What you should do:
In your copy, leave out the pictures and output only the lines from the one holding "Surround yourself with" through the end of the data below, exactly.
[[ Raw data open ]]
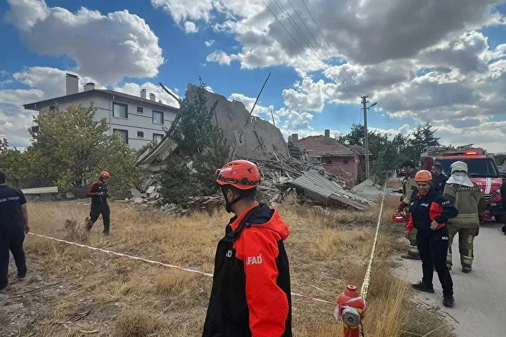 Ankara'nın Çubuk ilçesinde 3 katlı metruk bina çöktü. Ekiplerin binanın enkazında yaptığı aramalarda kimsenin olmadığı tespit edildi.
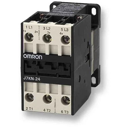 The Omron J7KN series motor contactor has 3-main-poles.This modular system consists of main contactors and additional contact blocks. The basic units can be combined with auxiliary contacts.AC and DC operated Integrated auxiliary contacts Screw fixing and snap fitting System contactors for Fuseless Load Feeders with integrated link modules Finger proof (BGV A2)
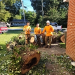 "A great team of guys steady working! No standing around. They worked very hard removing a huge tree in my backyard. A large limb had broken off and the tree needed to come down. Because if no access a climber took it down from the top! Amazing to watch! The other guys quickly hauled the parts he removed to the front of the yard to be loaded into a truck and some was mulched. Elmer used a Bobcat to haul larger parts but many parts the climber sawed off the guys put in their shoulders and walked them to the front where their trucks were parked. Maybe 5 hrs here and a clean back yard when they left. I highly recommend this company. Barb Matthews "
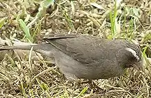Alcanza una longitud de aproximadamente 13 cm de largo. Su plumaje es predominantemente de color pardo grisáceo uniforme, más claro en las partes inferiores, y con una lista superciliar blanca. Tiene una parte blancuzca debajo de la barbilla.
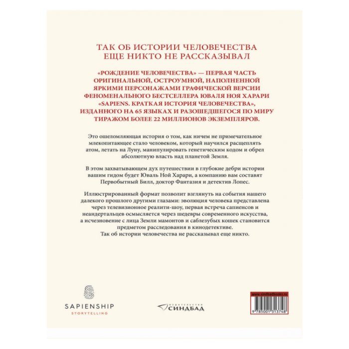 «Рождение человечества» — первая часть оригинальной графической адаптации всемирного бестселлера Юваля Ноя Харари «Sapiens. Краткая история человечества» — книги о том, как человек разумный, бывший когда-то одним из нескольких видов людей, не игравшим в экосистеме Земли какой-либо заметной роли, сумел стать единственным человеческим видом на ней, научился расщеплять атом, летать на Луну, изменять генетический код и превратился в полновластного властителя всей планеты.
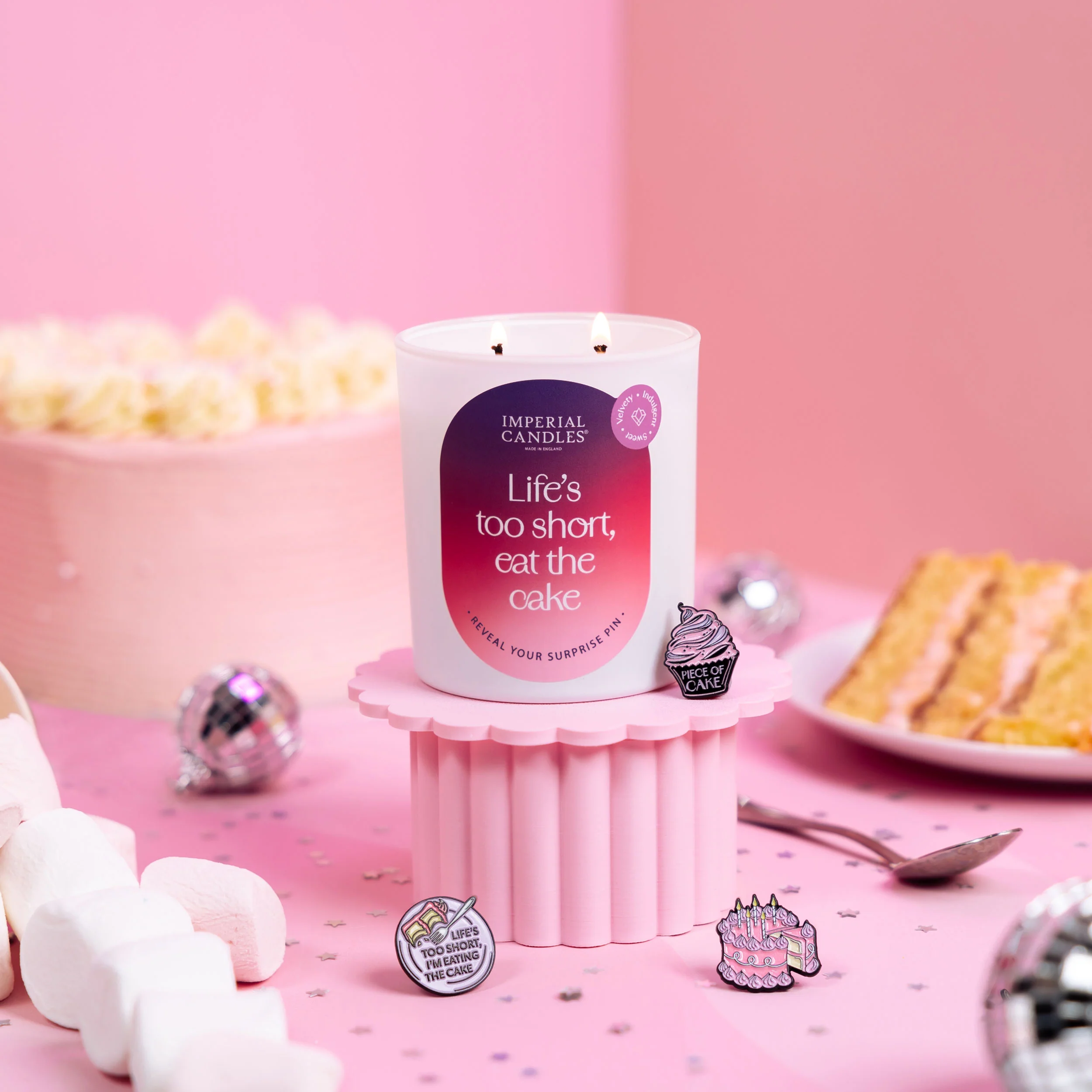 Surround yourself with the opulence of a bakery with a rich, sweet scented candle - the mouthwatering scent of buttercream, thick strawberry jam, pink frosting and French Vanilla. Light up, unveil your exclusive pin, and let the scent enhance your space and style.
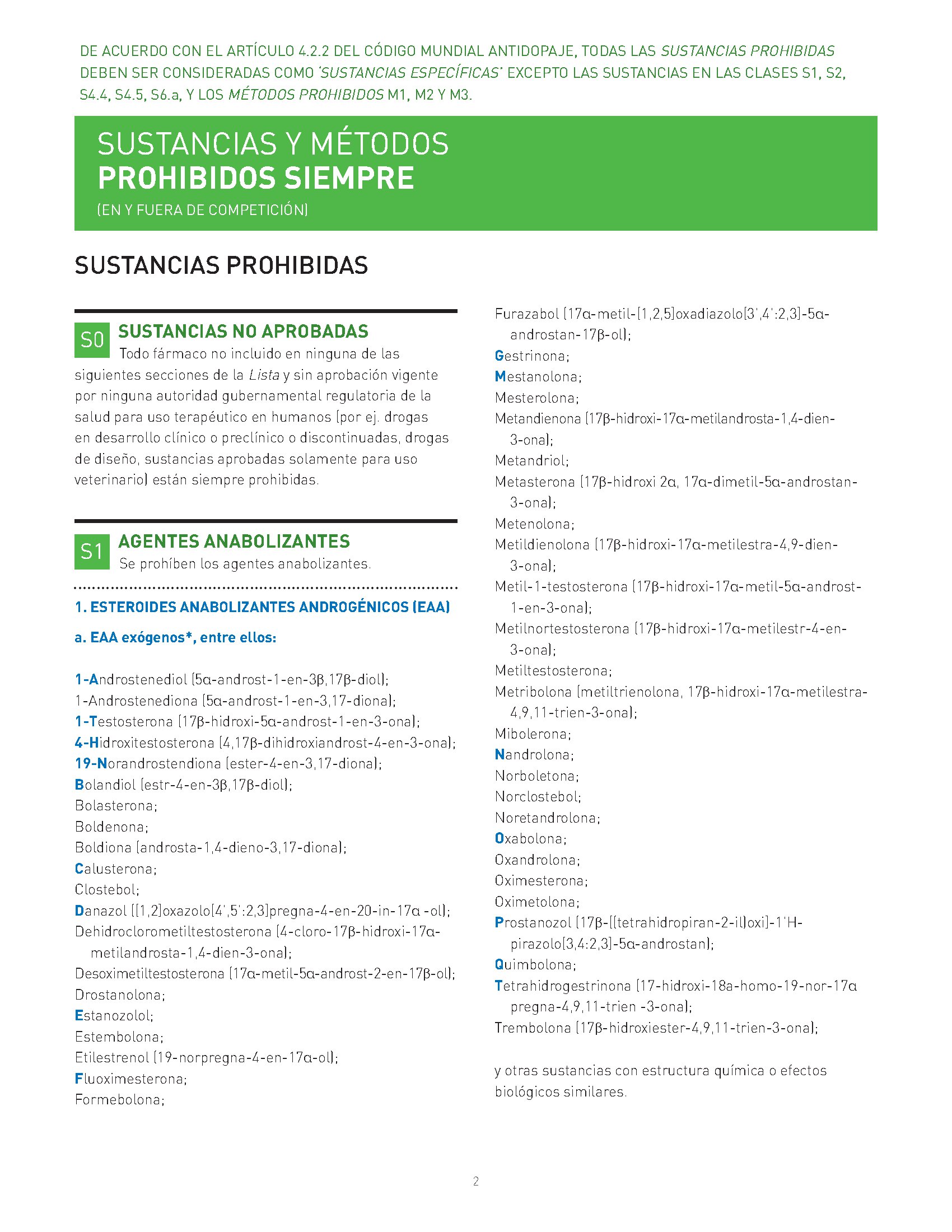 La Secretaría de Deporte de la Nación, dependiente del Ministerio de Desarrollo Social, envió un comunicado con las sustancias que la WADA, la Agencia Mundial Antidopaje determinó para este año en curso, 2016, cuáles son las sustancias prohibidas para hacer deporte.
[[ Raw data closed ]]
Output:
 Surround yourself with the opulence of a bakery with a rich, sweet scented candle - the mouthwatering scent of buttercream, thick strawberry jam, pink frosting and French Vanilla. Light up, unveil your exclusive pin, and let the scent enhance your space and style.
 La Secretaría de Deporte de la Nación, dependiente del Ministerio de Desarrollo Social, envió un comunicado con las sustancias que la WADA, la Agencia Mundial Antidopaje determinó para este año en curso, 2016, cuáles son las sustancias prohibidas para hacer deporte.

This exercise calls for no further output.